Ice Therapies

Written by Sierra Rein
Bookmark and Share

Ice therapies are utilized for a variety of different physical ailments. These therapies are non-invasive and non-addictive procedures to treat aches, pains and injuries common with athletes, dancers and the average lawn mowing resident. Indeed, the effects of cold compresses last longer, and have a lot more healing properties, than heated compresses.

Cryotherapy, or the use of cold compresses and ice packs to help the healing process, produces an effect called vasoconstriction.
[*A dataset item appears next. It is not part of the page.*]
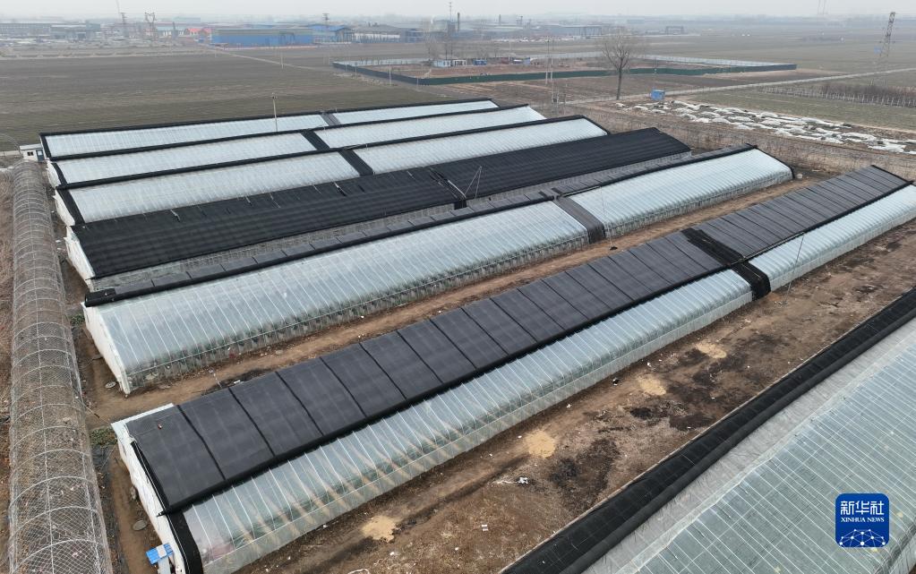 1月14日,唐山市豐潤區燕灃園生態(tài)農場(chǎng)果蔬大棚的保溫被根據氣溫變化進(jìn)行調整(無(wú)人機照片)。

This means the slowing down of circulation in the pained area to reduce inflammation and swelling. Vasoconstriction also decreases the chance of muscle spasms and numbs the local nerves as a way of truncating pain.

Ice therapies should not be used for longer than 15 or 20 minutes at a time. They are best used within the first 72 hours after an injury, and only once every few hours. Within the first 24 hours of therapy, there should be no consumption of alcohol, no physical massage to the area, and no application of heated compression wraps, rubs or packs.

When Not to Apply Ice Therapies

It is dangerous to place cold packs on any area with a previous history of poor circulation, especially in extremities like the hands and feet. People who are susceptible to cold allergies should also refrain from taking part in ice therapies. If there is a question regarding whether or not ice therapy is right for you, talk to a professional injury specialist.